𝟎.𝟖

955 92 1
                                    

Setelah pengusiran itu, gue nggak ada pilihan selain buat pulang ke rumah dan berharap Ibu nggak nanya hal lebih. My feeling's mess enough today.

Rasanya tadi itu gue ngelakuin hal terbodoh. Apa itu? Gue berharap kalo pak Taeyong bakal bertindak sesuatu sebagai bentuk membela gue. But he didn't.

Tapi gue sadar apa yang terjadi sama gue hari ini adalah hasil dari kesalahan gue sendiri, yaitu terlalu tinggi berangan dan berharap sama manusia. Padahal di agama sudah dilarang untuk berharap sama manusia.

Tapi mau gimana? Gue sempet pikir kalo pak Taeyong itu berbeda karena kita udah satu bulan lebih tinggal bersama dan dia udah liat baik-buruknya gue. Apa salah kalo gue perlahan-lahan percaya dan berharap kalo dia bakal bantu gue di saat-saat susah? Kayak tadi contohnya.

Nevermind ... I deserve it.
And I swear that I'm not gonna do the same mistakes.

"Eh, Nana? Ayo, masuk." Gue ngangguk dan ngekori Ibu ke ruang tengah. Tempat keluarga besar kita sering bercengkrama, tapi terhenti sejak meninggalnya Ayah.

Ibu menaruh segelas teh di hadapanku. "Kamu ke sini sudah izin sama Taeyong?" Gue cuma bisa nunduk dan menggeleng. "Kenapa?" tanya Ibu lagi.

Gue diem, masih menatap kedua tangan gue yang jemarinya saling tertaut. Bingung bagaimana ngejelasin ke Ibu. Sampe gue ngehela napas dan beraniin diri untuk ngasih tau yang sebenarnya, karena bangkai pasti akan tercium suatu saat nanti.

"Pacar kak Taeyong ngusir aku," ujar gue singkat, padat, dan to the point. "Jadi aku gak lagi ngurus dia dan balik tinggal di sini."

Gue ngedongak dan menatap Ibu yang juga lagi natap gue. "Boleh, ya, Bu?" tanya gue dengan nada memelas dan penuh harap.

"Nggak bisa!"

Kak Joy dateng dari tangga yang terhubung ke lantai atas, tempat kamar gue dan kamar kak Joy berada.

"Please, ya. Lo tuh nggak tau diri banget sih. Setelah kejahatan lo ke Taeyong, lo malah balik ke sini dengan alasan pacar dia ngusir. Sadar dong hidup lo di sini tuh cuma beban!" seru dia dan gue cuma bisa nunduk diam.

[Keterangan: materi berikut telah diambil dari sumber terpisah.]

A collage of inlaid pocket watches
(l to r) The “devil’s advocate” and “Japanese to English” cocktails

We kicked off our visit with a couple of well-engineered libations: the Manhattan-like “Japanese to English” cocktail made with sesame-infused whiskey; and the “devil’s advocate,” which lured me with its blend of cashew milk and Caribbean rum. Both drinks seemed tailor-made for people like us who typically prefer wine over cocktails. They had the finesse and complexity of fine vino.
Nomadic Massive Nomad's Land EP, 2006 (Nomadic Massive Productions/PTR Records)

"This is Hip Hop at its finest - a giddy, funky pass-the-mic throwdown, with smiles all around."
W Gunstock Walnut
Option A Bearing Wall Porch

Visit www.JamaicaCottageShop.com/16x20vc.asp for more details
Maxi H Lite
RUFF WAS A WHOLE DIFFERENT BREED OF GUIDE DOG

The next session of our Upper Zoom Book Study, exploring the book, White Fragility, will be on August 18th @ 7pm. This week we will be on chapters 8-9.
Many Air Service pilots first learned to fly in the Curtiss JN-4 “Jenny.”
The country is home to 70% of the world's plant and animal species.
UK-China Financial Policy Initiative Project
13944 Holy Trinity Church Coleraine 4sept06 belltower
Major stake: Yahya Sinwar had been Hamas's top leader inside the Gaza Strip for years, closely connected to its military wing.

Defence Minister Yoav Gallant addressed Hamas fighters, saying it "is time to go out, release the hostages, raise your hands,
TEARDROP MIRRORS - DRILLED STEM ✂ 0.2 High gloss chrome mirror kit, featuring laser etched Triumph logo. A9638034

"Atau jangan-jangan lo beban buat dia juga, makanya dia diem-diem nyuruh ceweknya buat acting ngusir lo? HAHA! Miris banget sih hidup lo!"

"Joy!" Kali ini, Ibu gue berseru kuat sampe gue diem-diem ketakutan. "Kamu itu kakaknya Nana, seharusnya kamu itu bantu dia bukan malah maki-maki kayak itu! Ibu aja nggak pernah maki Nana karena sebenarnya dia jauh lebih mandiri dari kamu!"

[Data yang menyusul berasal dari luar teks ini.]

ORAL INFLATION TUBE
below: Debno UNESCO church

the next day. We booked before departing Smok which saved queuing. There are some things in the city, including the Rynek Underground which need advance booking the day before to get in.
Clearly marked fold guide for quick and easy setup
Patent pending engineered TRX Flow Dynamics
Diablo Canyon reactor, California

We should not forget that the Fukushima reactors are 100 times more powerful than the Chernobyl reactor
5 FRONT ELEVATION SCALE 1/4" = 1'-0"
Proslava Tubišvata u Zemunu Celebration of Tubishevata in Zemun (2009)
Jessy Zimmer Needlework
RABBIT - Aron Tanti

"Ya bagus dong," sahut kak Joy cepet, lalu natap gue dan tersenyum sinis. "Berarti dia nggak perlu tinggal lagi di rumah ini dan mulai belajar hidup mandiri."

Tatapan dan senyum yang kak Joy tunjukkan, serta ucapan dia barusan cukup ngejelasin gue kalo dia bermaksud menyuruh gue hidup sendiri di tempat lain, alias ngekos.

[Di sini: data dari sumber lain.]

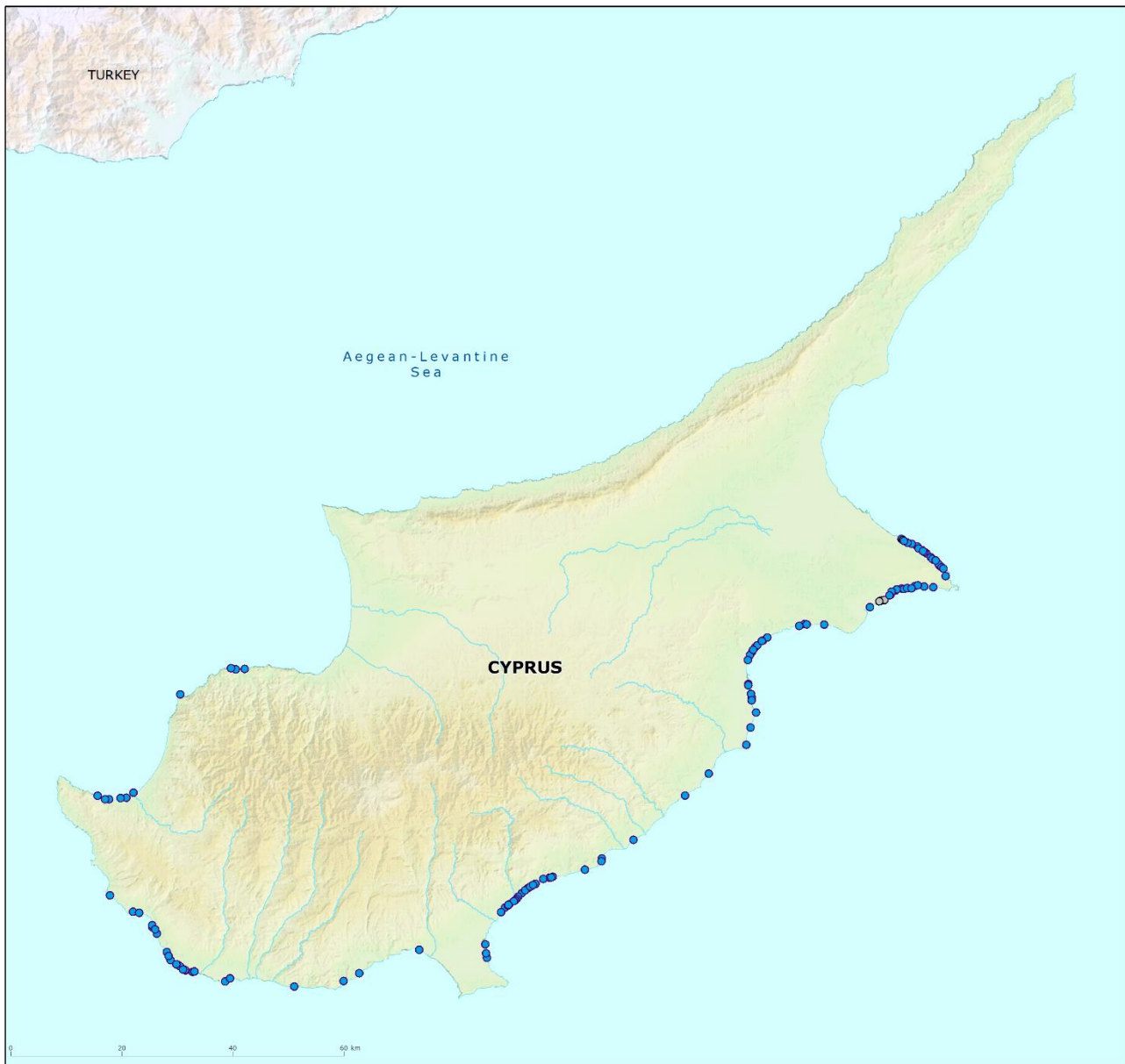
Map 1: Bathing waters reported during the 2022 bathing season in Cyprus
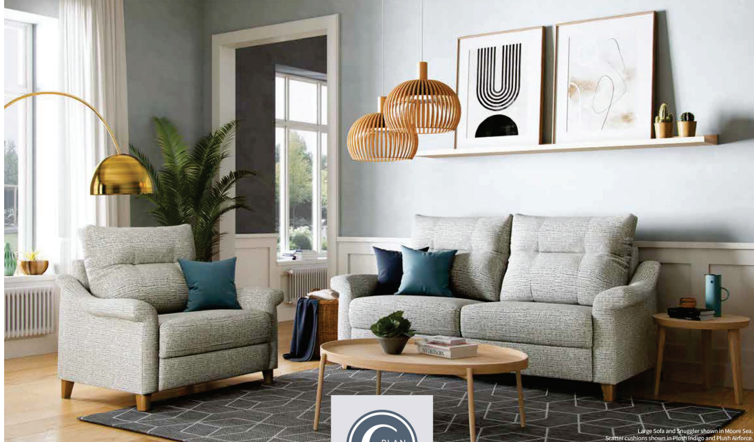
Large Sofa and Snuggler shown in Moore Sea. Scatter cushions shown in Plush Indigo and Plush Airforce.
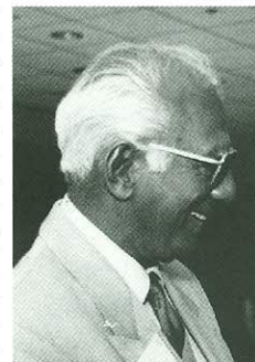
Cheddi Jagan Guyana's President

of our country's growth prospects and requirements and the special needs of less-favored groups in society," said President Jagan during a 1996 meeting with international donor agencies at The Carter Center.
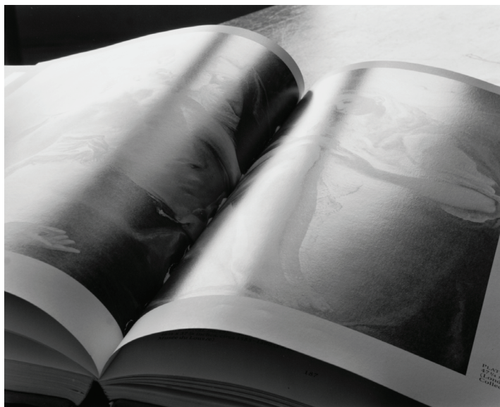
Abelardo Morell Pieta by El Greco, 1993 From the collection of the MoCP

Mengingat betapa rendahnya gue di pandangan keluarga ini, membuat gue yakin kalo gue memang beban mereka doang.

"Nana pamit, Bu."

Maka, gue putuskan untuk memulai hidup yang baru tanpa kehadiran mereka lagi.

Ini akan menjadi scene tersulit di dalam cerita hidup gue. But I'm not gonna give up! Gue harus bisa nunjukkin ke mereka kalo gue mampu untuk berdiri sendiri, terutama ke kak Joy. Mungkin akan sulit di awal aja, karena selama tinggal bersama mereka, gue sudah terbiasa untuk ngelakuin segala hal sendirian.

Ah, kayaknya enggak. Semua mimpi buruk ini dimulai sejak kematian Ayah yang membawa banyak luka ke keluarga gue. I'm not blame my father for this ... I blame the scenario of destiny that God gave to us.